INPUT DATA section start
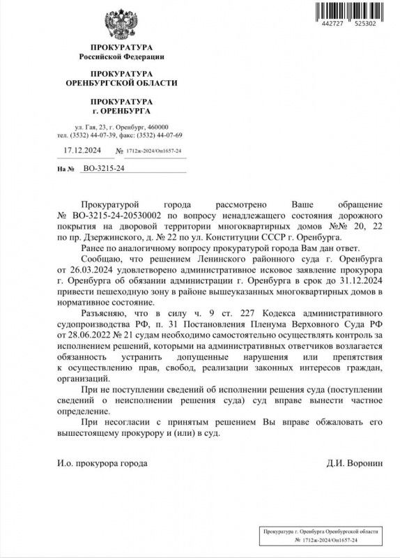 Решением Ленинского районного суда Оренбурга от 26 марта 2024 года было удовлетворено административное исковое заявление прокурора Оренбурга об обязании администрации в срок до 31 декабря 2024 года привести пешеходную зону по указанным адресам в нормативное состояние. Однако, по сей день решение не исполнено. Более того - не проводились и работы по благоустройству и озеленению, неосмотря на неоднократные обращения по данным вопросам.
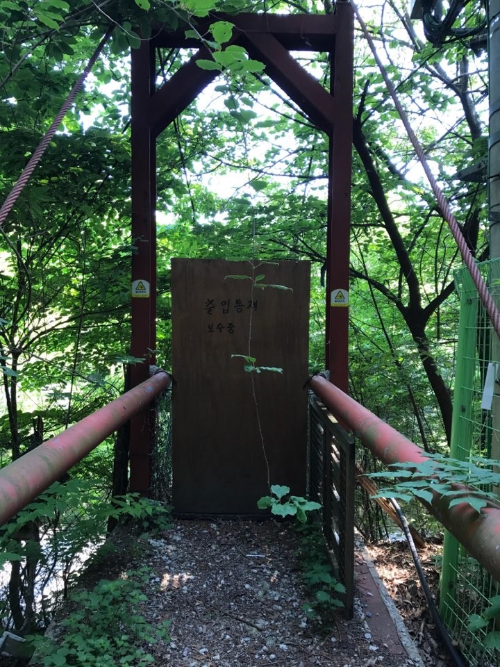 이정표가 있는 곳으로 따라서 가다보니... 우리가 가야할 산을 향하는 다리가 보입니다. 이 다리를 건너면 눈앞의 산을 오를 수 있을 텐데....건너야 갈 수 있는 유일한 다리가 보수중이라 하네요. 결국 눈앞에서 산은 오르지 못하고 새벽부터 5시간이상을 산을 헤맸습니다. 고생 끝에 밀려오는 성취감을 느끼고 싶었는데... 실망과 절망 ~ 하! 새벽부터 일어나 이렇게 돌아다녔는데... 정상을 오르지못하다니.
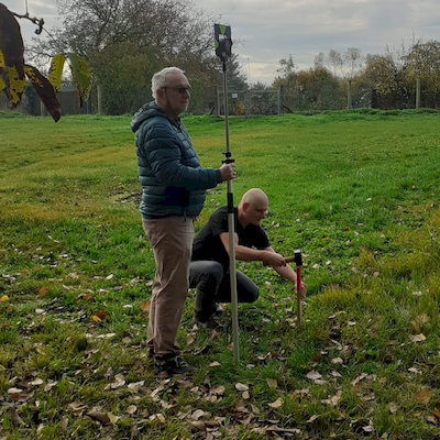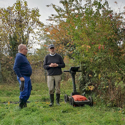 Doch das sollte sich nun möglicherweise ändern. Auf Initiative der Gesellschaft Heimat und Geschichte Trebur e. V. wurde gemeinsam mit dem Verein terraplana – Gesellschaft für Archäologie im Hessischen Ried e. V. beschlossen, mithilfe moderner geophysikalischer Methoden dem Geheimnis von St. Alban buchstäblich auf den Grund zu gehen. Dankenswerterweise erteilten sowohl der Grundstückseigentümer, Herr Ewald, als auch Herr Becker vom Landesamt für Denkmalpflege – hessenARCHÄOLOGIE ihre Genehmigung.
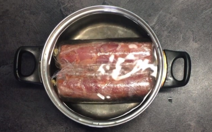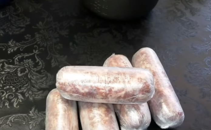 Традиционно колбасу готовят в кишках, заполняя их фаршем. Но, не всегда данный продукт есть под рукой. В этом случае можно заменить кишки обычной пищевой пленкой.
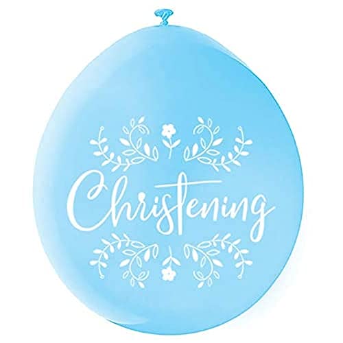 Unique Party 56075 - Ballons de Baudruche de Baptême - Bleu et Blanc - Paquet de 10
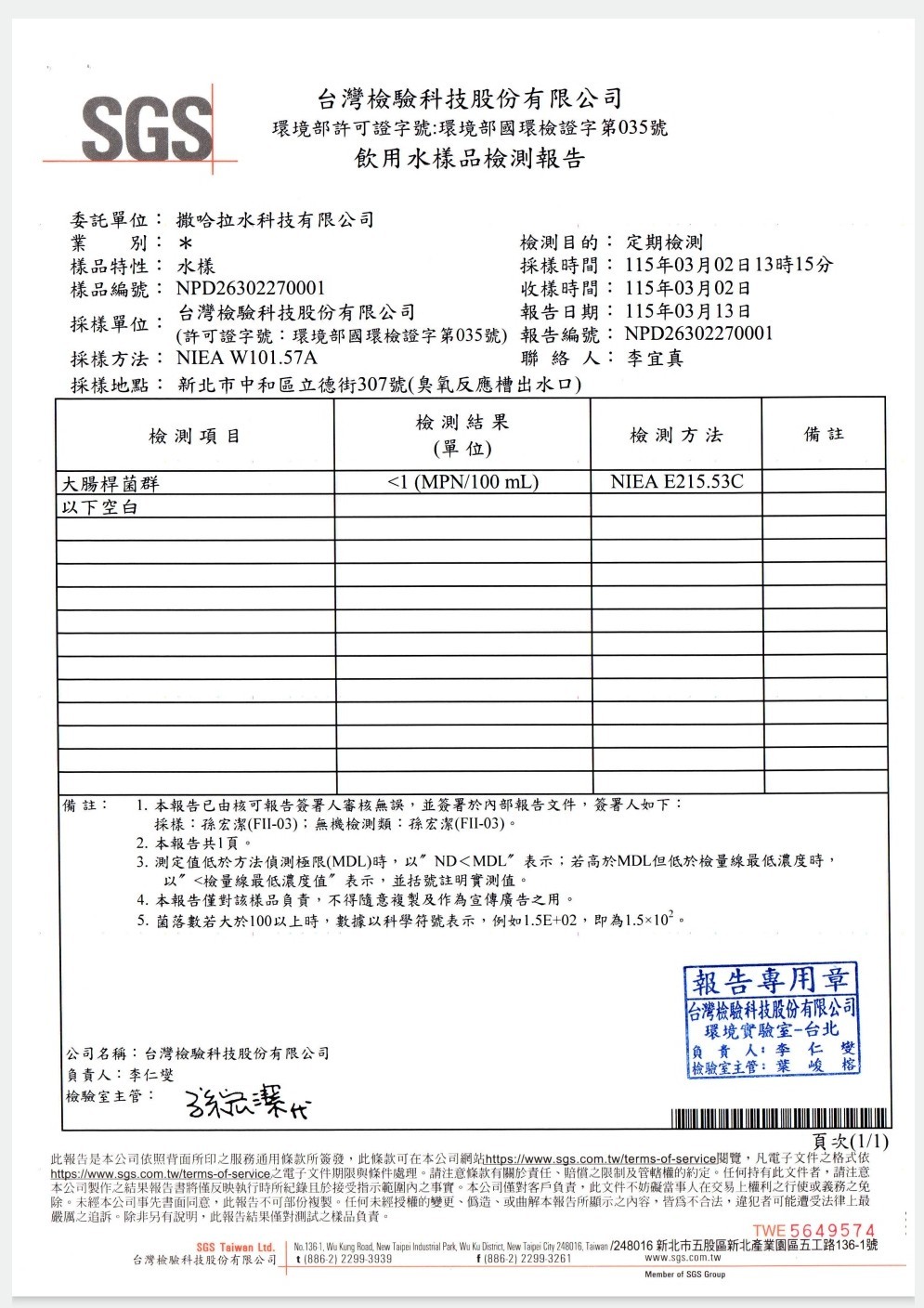 SGS檢驗報告(一)
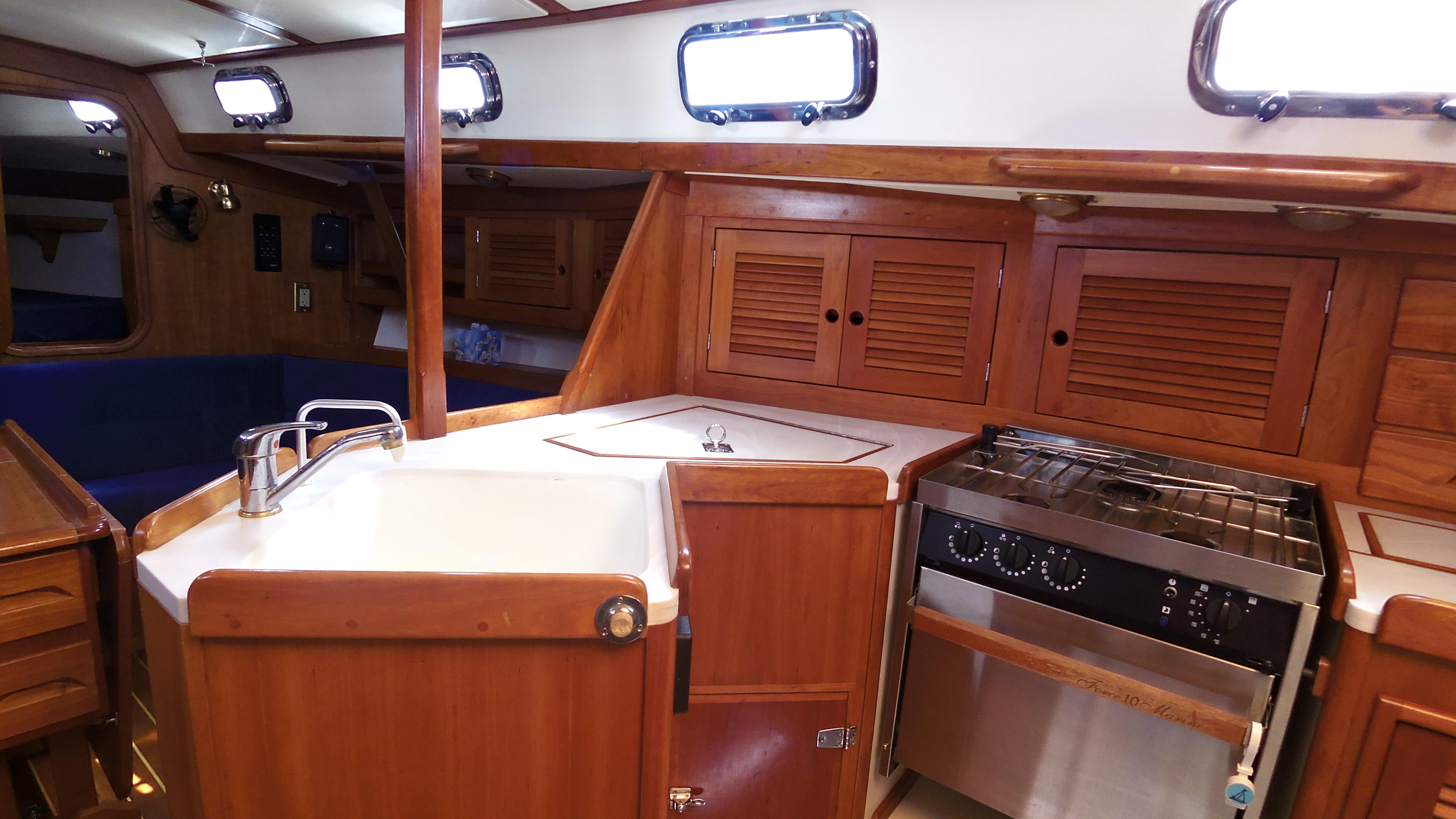 The galley includes a large single sink, an icebox/fridge, a three-burner stove and plenty of counter and storage space.
INPUT DATA section end
PROBLEM DESCRIPTION:
From the very first line of the listing above through the line that holds "Unique Party 56075", write out each line exactly as it stands, leaving pictures out.

WRITTEN RESPONSE:
 Решением Ленинского районного суда Оренбурга от 26 марта 2024 года было удовлетворено административное исковое заявление прокурора Оренбурга об обязании администрации в срок до 31 декабря 2024 года привести пешеходную зону по указанным адресам в нормативное состояние. Однако, по сей день решение не исполнено. Более того - не проводились и работы по благоустройству и озеленению, неосмотря на неоднократные обращения по данным вопросам.
 이정표가 있는 곳으로 따라서 가다보니... 우리가 가야할 산을 향하는 다리가 보입니다. 이 다리를 건너면 눈앞의 산을 오를 수 있을 텐데....건너야 갈 수 있는 유일한 다리가 보수중이라 하네요. 결국 눈앞에서 산은 오르지 못하고 새벽부터 5시간이상을 산을 헤맸습니다. 고생 끝에 밀려오는 성취감을 느끼고 싶었는데... 실망과 절망 ~ 하! 새벽부터 일어나 이렇게 돌아다녔는데... 정상을 오르지못하다니.
 Doch das sollte sich nun möglicherweise ändern. Auf Initiative der Gesellschaft Heimat und Geschichte Trebur e. V. wurde gemeinsam mit dem Verein terraplana – Gesellschaft für Archäologie im Hessischen Ried e. V. beschlossen, mithilfe moderner geophysikalischer Methoden dem Geheimnis von St. Alban buchstäblich auf den Grund zu gehen. Dankenswerterweise erteilten sowohl der Grundstückseigentümer, Herr Ewald, als auch Herr Becker vom Landesamt für Denkmalpflege – hessenARCHÄOLOGIE ihre Genehmigung.
 Традиционно колбасу готовят в кишках, заполняя их фаршем. Но, не всегда данный продукт есть под рукой. В этом случае можно заменить кишки обычной пищевой пленкой.
 Unique Party 56075 - Ballons de Baudruche de Baptême - Bleu et Blanc - Paquet de 10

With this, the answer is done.